- 2 3/4 pounds acorn squash, peeled (see note), halved, seeded, and cut into roughly 1/2-inch dice (about 4 cups)
- 3 tablespoons butter, melted
- 1/2 teaspoon ground cinnamon
- 1/4 teaspoon ground nutmeg
- 1/2 teaspoon salt
- 2 tablespoons butter
- 1/3 cup diced red onion (small dice)
- 1/4 teaspoon freshly ground white pepper
- 2 Fuji or Gala apples, cut into roughly 1/2-inch dice (about 2 cups)
- 1/2 cup chicken stock or canned low-sodium chicken broth
- 1 teaspoon chopped fresh thyme leaves
- Preheat the oven to 450°F. Line a small baking sheet with parchment paper.
- In a medium bowl, toss the squash with the melted butter, cinnamon, nutmeg, and 1/4 teaspoon of the salt. Transfer the squash to the prepared baking sheet, and roast in the oven for 15 minutes, or until golden and fork-tender. Remove from the oven and set aside to cool for at least 5 minutes.
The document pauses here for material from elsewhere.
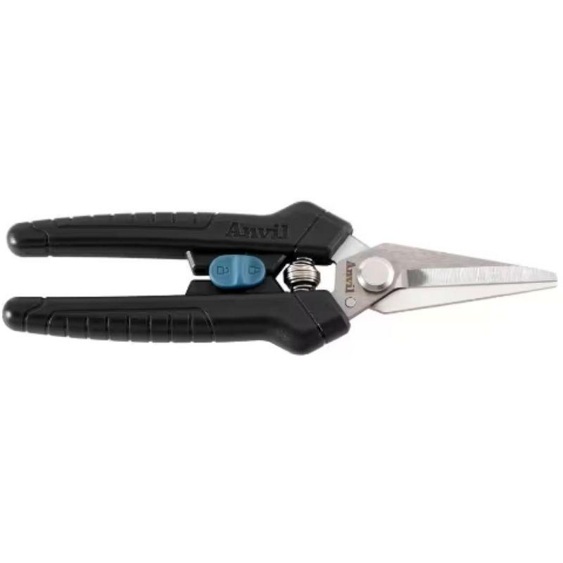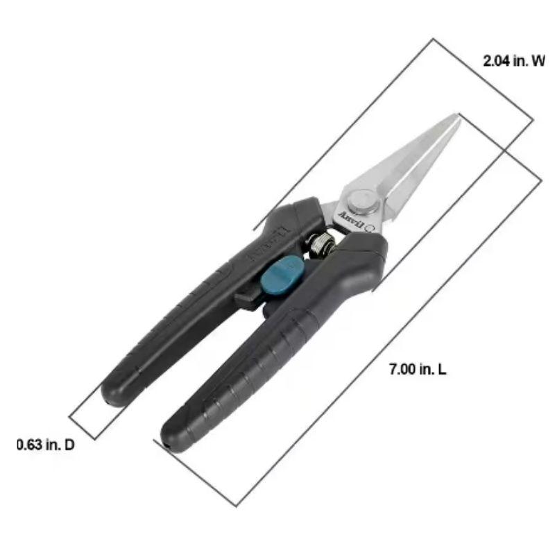 The Anvil 7 in. Pruning Snip is designed for precise and efficient cutting of small branches and stems. Description: Blade Length: Approximately 7 inches Blade Material: Typically made from high-carbon steel or stainless steel, offering durability and sharpness for clean cuts. Cutting Mechanism: Features an anvil cutting mechanism, where one blade cuts against a flat surface (anvil), making it suitable for cutting through dry or hard wood and thicker stems. This mechanism can be more effective for tougher cutting tasks compared to bypass shears. Handles: The handles are usually ergonomically designed for comfortable use, with non-slip grips to reduce hand strain and improve control. They may also be cushioned or padded for added comfort during extended use. Cutting Capacity: Designed to handle branches and stems up to about 1/2 inch to 3/4 inch in diameter, depending on the specific model and blade sharpness. Safety Features: Often includes a safety latch or lock to keep the blades closed when not in use, ensuring safe storage and handling. Usage: Ideal for pruning tasks such as cutting back woody plants, trimming stems, and handling more challenging cutting tasks where bypass pruners might struggle. These pruning snips are well-suited for gardeners who need a robust tool for tackling tougher pruning jobs and cutting through more resilient materials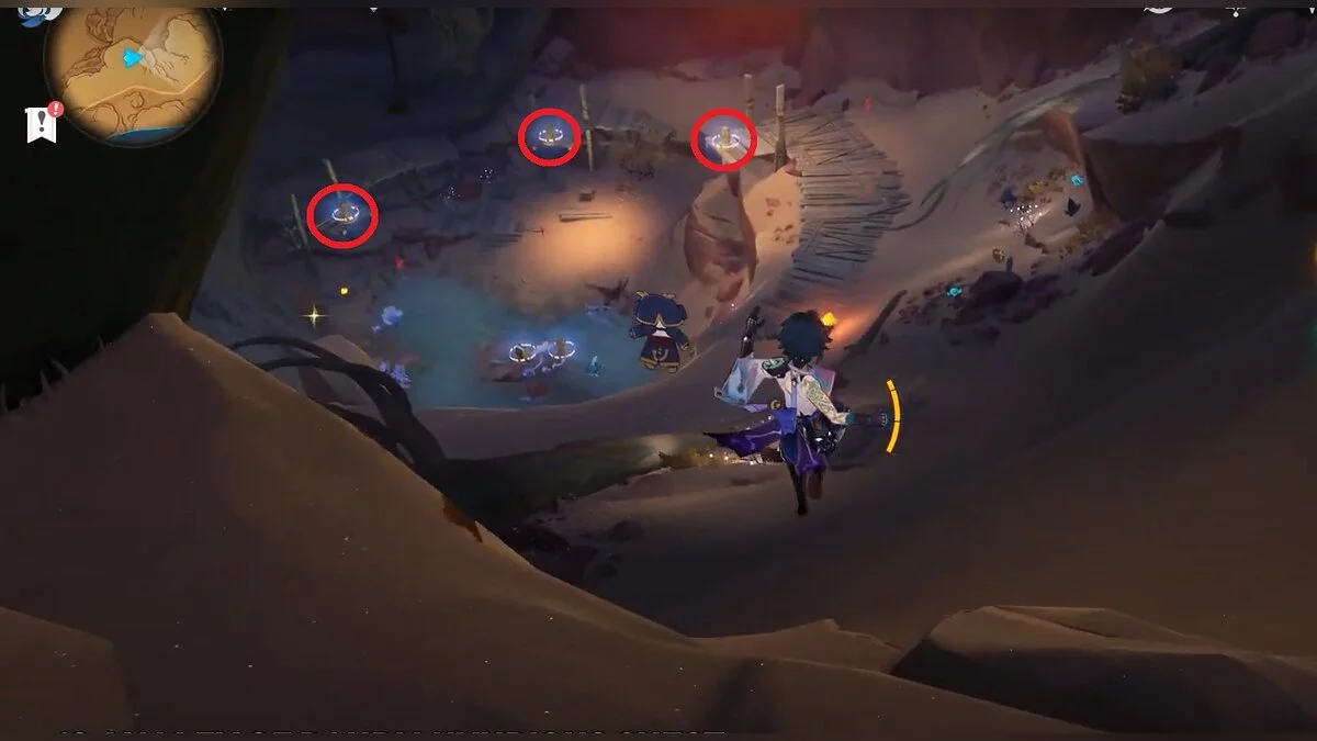 Двигайтесь на север, пока не увидите пять холмиков из песка. Подойдите к ним и примените любое умение Анемо-персонажа. Таким образом вы сможете получить доступ к сундуку.

- Heat the 2 tablespoons butter in a small saucepan over medium-high heat. Add the onion, the remaining 1/4 teaspoon salt, and the pepper and cook until the onion is soft, about 2 minutes. Add the diced apples and the chicken stock, and bring to a simmer. Cook for 5 minutes, or until the apples are barely ten- der. (Don’t cook the apples too long you want them to retain their shape.) Remove from the heat.
- In a medium mixing bowl, combine the roasted squash, the thyme, and the braised apples with their cooking liquid. Toss gently to combine, and serve warm.